Task directions: Nothing should be output except the lines from the top of the material below through the line that contains "S.SILVER/14KY GARNET SMOKY QZ BYPASS BANGLE", each exactly as written.

Source data:

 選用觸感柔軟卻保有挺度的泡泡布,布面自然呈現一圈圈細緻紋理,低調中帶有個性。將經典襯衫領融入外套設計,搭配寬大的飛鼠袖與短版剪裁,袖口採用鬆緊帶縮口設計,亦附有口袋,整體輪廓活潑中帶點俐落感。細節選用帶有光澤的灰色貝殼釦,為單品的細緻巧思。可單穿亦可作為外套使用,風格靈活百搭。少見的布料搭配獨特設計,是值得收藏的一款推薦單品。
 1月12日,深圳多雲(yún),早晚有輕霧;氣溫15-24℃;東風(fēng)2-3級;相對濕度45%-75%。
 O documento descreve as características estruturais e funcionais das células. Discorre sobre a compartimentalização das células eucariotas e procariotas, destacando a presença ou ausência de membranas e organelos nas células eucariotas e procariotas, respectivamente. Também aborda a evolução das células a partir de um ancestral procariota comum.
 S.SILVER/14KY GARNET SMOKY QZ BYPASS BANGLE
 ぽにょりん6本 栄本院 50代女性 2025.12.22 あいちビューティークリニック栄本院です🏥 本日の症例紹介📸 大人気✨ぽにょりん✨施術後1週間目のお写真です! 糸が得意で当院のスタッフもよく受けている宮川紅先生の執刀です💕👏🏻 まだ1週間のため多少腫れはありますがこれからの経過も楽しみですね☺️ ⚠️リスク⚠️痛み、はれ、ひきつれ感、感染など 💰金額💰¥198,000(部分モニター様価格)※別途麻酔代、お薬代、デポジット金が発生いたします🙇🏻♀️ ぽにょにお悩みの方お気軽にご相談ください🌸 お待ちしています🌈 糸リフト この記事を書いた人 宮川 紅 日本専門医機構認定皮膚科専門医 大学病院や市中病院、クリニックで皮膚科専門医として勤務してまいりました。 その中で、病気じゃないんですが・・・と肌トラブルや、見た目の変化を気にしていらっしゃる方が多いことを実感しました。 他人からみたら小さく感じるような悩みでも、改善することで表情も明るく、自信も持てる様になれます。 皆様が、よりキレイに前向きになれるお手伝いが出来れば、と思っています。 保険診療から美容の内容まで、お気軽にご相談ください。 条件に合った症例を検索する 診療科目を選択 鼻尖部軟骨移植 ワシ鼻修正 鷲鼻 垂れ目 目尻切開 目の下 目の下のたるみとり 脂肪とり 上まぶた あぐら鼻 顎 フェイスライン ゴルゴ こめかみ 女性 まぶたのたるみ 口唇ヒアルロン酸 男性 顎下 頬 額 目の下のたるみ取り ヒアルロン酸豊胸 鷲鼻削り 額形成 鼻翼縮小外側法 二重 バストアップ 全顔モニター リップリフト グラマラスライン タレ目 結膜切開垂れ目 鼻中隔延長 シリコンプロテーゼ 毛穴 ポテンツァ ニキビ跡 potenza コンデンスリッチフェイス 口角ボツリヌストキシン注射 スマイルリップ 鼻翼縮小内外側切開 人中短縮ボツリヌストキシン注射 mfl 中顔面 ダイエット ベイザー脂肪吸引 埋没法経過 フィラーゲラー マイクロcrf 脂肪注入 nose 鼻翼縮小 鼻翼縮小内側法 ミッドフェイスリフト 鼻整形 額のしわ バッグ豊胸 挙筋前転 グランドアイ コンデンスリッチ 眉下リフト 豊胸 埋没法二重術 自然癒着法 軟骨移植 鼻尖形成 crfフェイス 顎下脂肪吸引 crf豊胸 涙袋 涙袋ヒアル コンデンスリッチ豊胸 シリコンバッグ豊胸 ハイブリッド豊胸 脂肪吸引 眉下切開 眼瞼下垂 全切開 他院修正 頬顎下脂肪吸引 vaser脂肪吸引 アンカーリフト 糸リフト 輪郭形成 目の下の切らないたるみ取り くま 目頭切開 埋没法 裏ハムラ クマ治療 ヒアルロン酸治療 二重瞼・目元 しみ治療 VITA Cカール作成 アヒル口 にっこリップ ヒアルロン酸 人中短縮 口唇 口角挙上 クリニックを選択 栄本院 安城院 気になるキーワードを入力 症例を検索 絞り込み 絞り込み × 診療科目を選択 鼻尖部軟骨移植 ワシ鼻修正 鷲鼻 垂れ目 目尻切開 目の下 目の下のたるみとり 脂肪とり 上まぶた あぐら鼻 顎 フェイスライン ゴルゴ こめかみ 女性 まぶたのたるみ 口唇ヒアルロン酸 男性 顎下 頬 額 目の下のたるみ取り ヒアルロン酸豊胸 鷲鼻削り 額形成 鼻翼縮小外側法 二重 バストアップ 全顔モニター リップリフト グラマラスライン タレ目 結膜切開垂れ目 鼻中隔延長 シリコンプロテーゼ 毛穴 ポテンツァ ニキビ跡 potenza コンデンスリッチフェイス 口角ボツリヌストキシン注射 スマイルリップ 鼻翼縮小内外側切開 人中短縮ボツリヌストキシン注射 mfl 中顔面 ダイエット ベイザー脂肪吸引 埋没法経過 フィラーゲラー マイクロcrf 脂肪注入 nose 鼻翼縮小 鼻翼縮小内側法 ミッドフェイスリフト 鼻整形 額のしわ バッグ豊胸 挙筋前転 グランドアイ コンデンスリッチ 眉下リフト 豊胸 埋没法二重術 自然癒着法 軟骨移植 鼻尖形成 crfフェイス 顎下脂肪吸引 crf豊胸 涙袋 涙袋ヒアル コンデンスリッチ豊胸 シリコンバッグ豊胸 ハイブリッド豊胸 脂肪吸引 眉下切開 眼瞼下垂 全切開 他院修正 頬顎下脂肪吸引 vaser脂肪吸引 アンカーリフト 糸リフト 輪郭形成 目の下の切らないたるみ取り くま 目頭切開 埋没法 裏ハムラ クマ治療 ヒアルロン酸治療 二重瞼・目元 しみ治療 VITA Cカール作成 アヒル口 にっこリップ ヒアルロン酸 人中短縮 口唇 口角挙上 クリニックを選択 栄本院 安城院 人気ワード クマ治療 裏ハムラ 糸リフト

Answer to this problem:
 選用觸感柔軟卻保有挺度的泡泡布,布面自然呈現一圈圈細緻紋理,低調中帶有個性。將經典襯衫領融入外套設計,搭配寬大的飛鼠袖與短版剪裁,袖口採用鬆緊帶縮口設計,亦附有口袋,整體輪廓活潑中帶點俐落感。細節選用帶有光澤的灰色貝殼釦,為單品的細緻巧思。可單穿亦可作為外套使用,風格靈活百搭。少見的布料搭配獨特設計,是值得收藏的一款推薦單品。
 1月12日,深圳多雲(yún),早晚有輕霧;氣溫15-24℃;東風(fēng)2-3級;相對濕度45%-75%。
 O documento descreve as características estruturais e funcionais das células. Discorre sobre a compartimentalização das células eucariotas e procariotas, destacando a presença ou ausência de membranas e organelos nas células eucariotas e procariotas, respectivamente. Também aborda a evolução das células a partir de um ancestral procariota comum.
 S.SILVER/14KY GARNET SMOKY QZ BYPASS BANGLE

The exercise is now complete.